FIG. 6 illustrates another aspect of the invention in which the position of a diaphragm is sensed or determined by measuring the change in capacitance in a capacitive proximity sensor. FIG. 6 shows a capacitive proximity sensor 110 that is used in a diaphragm valve 112. The valve 112 may be the same as the valve shown in FIGS. 1-4 and therefore is shown only partially and schematically in FIG. 6.

The capacitive proximity sensor 110 may be of the type designed by NASA the technology of which is distributed under the name Capaciflector. This type of sensor works by providing two or more electrical plates together, with a voltage differential between them, to create an electric field around the plates. The electric field extends out and around the sensor. When an object (metal or non-metallic) comes into the field, the field is disrupted, changing the capacitance in an oscillator circuit. The oscillator's amplitude is indicative of the distance between the sensor and the object.

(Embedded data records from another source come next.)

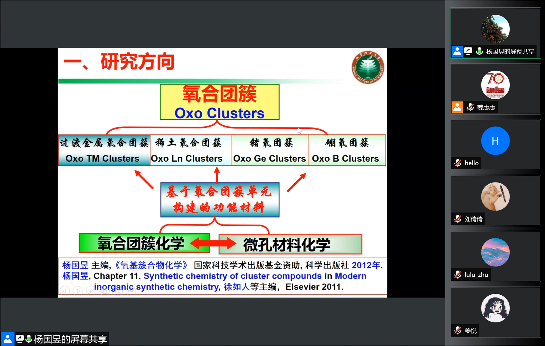 5月29日上午,北京理工大学教授,国家杰出青年科学基金获得者杨国昱应邀线上做客“吉大化学七十年——科学与未来系列讲座”,以“氧合团簇化学”为题,为公司师生作学术报告。
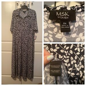 A sweet print lends a formal yet chic finish to this button front maxi by MSK, this plus size piece is perfect for transitioning from desk to dinner and drinks.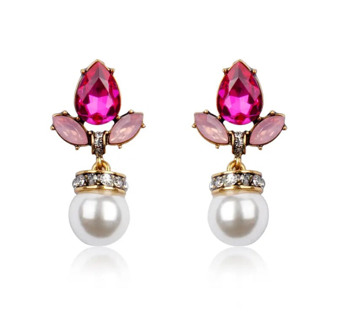 Meet Rosie – your pink party essential! These dazzling earrings flaunt shades of bright and light pink, adorned with diamentes and a playful faux pearl drop. Perfect for adding glam to a formal occasion or spicing up your night out.
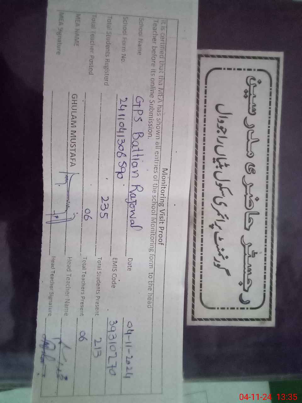 | Attendance Register | Head Teacher | MEA with School | Visit Proof |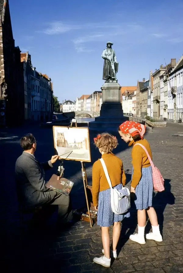 1955年5月,比利时,两个小女孩观看一位正在写生的艺术家。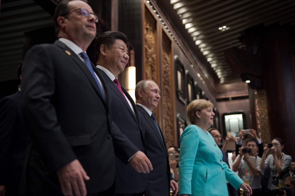 图:中国国家主席习近平(左二)、俄罗斯总统普京(右二)与法国总统奥朗德(左一)、德国总理默克尔(右一)抵达二十国集团领导人杭州峰会开幕式\法新社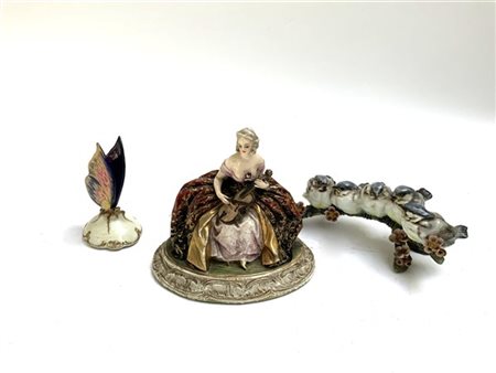 Lotto composto da un gruppo scultoreo in porcellana policroma raffiguranti cinque passerotti, firmato sotto la base, una scultura a tutto tondo in porcellana policroma raffigurante una damina in abiti settecenteschi firmato sotto la base, unito a una sculturina in porcellana policroma raffigurante una farfalla. Secolo XX. (h max cm 16) (lievi difetti)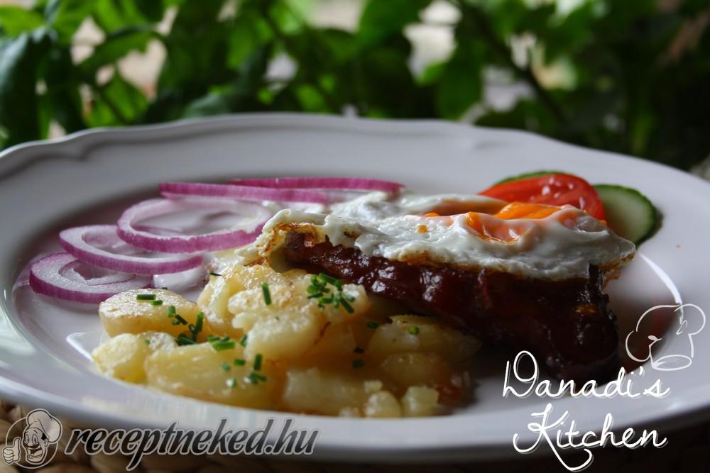 A felforrósított serpenyőben zsírjára sütjük a bacon szeleteket. A virslit meggrillezzük a serpenyőben, miután kész a szalonna, ha kell pótlunk még rá zsiradékot. Miután a virsli elkészül, tükörtojást készítünk.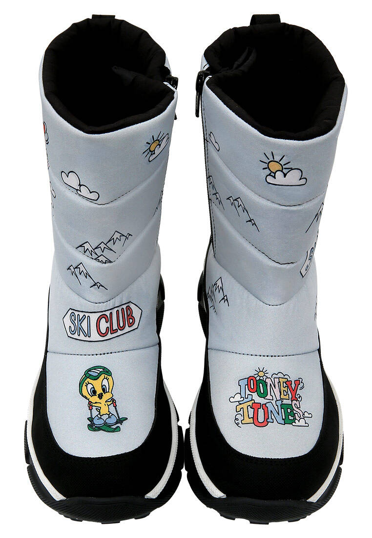 Warner Bros Looney Tunes Ski Club Tasarım Kadın Vegan Gri Bot, eğlenceli Tweety detaylarını zarif gri tonlarıyla buluşturarak kış stiline enerjik bir dokunuş kazandırır. DOGO’nun sanatı giyilebilir hale getiren özgün tarzını yansıtan bu kadın botu, dayanıklılık ve konforu bir arada sunar. Soğuk havalarda sıcak tutan iç astarıyla fonksiyonel bir kullanım sağlar. Modern çizgileriyle dikkat çeken bu tasarım, şehirde ya da tatilde fark yaratmak isteyenler için idealdir. %100 hayvan dostu üretimiyle etik modayı destekleyen Tweety Ski Club vegan bot, her adımda neşe, sıcaklık ve stil sunar.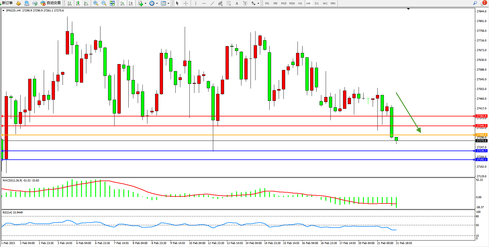 日经225指数2月21日(周二)收盘下跌72.44点,跌幅0.26%,报27459.50点。日本2月制造业活动以30个月来最快速度萎缩,对于日本经济来说是一个令人担忧的迹象。目前日本经济面临需求减弱和成本压力的问题。

FIG. 6 illustrates a capacitive proximity sensor 110 mounted on a valve bonnet shown schematically and partially at 114. The capacitive proximity sensor 110 includes a plurality of conductive plates or layers 116 interleaved with a plurality of insulating layers 118. Near the valve bonnet 114 is the valve diaphragm 120, which may be metallic or non-metallic. The capacitive proximity sensor 110 and the diaphragm 102 are electrically connected with suitable electronics 122.

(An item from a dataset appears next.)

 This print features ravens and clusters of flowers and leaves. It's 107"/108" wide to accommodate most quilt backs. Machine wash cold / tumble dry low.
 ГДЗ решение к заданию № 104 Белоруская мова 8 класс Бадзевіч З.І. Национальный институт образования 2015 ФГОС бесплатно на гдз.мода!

The capacitive proximity sensor 110 is electrically driven so that its capacitive coupling field extends in the direction of the diaphragm 120. Movement of the diaphragm 120 causes a proportional change in the capacitive coupling, which results in a change in measured capacitance. The change in capacitance is indicative of the distance between the diaphragm 120 and the sensor 110. Because the sensor 110 is fixed in position in the valve 112, the value of the distance between the sensor and the diaphragm 120, when compared with known values for known positions, is indicative of the position of the diaphragm inside the valve. As a result, the output of the sensor 110 is indicative of diaphragm position. The location and number of plates in the sensor 110 can be optimized to most effectively determine the open, closed, and transient states of the valve.

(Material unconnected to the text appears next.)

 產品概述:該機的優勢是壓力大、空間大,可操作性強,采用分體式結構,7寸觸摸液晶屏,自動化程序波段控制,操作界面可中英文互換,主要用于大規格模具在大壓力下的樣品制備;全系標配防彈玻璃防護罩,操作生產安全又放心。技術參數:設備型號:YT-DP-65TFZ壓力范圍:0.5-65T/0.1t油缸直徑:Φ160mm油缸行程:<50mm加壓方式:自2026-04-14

FIGS. 7-9 illustrate another embodiment of the invention. In this embodiment, multiple strain gauges, of the type discussed above with reference to FIGS. 1-3, are used on a single diaphragm. Specifically, FIG. 7 is a plan view of a diaphragm 130 that forms part of a diaphragm valve of the type discussed above with reference to FIGS. 1-3. The diaphragm 130 has in plan a circular configuration centered on an axis 132. FIG. 7 illustrates but one example of the way in which multiple strain gauges are used on a single diaphragm.

A strain gauge 134 is deposited or disposed by any suitable technique on the non-wetted surface 136 of the diaphragm 130. The strain gauge 134 is placed with its axis oriented perpendicular to a radius 138 of the diaphragm. Another strain gauge 140 is deposited or disposed by any suitable technique on the non-wetted surface 136 of the diaphragm 130. The strain gauge 140 is placed with its axis oriented parallel to a radius 142 of the diaphragm. Additional strain gauges 144 may be distributed about the diaphragm in selected orientations.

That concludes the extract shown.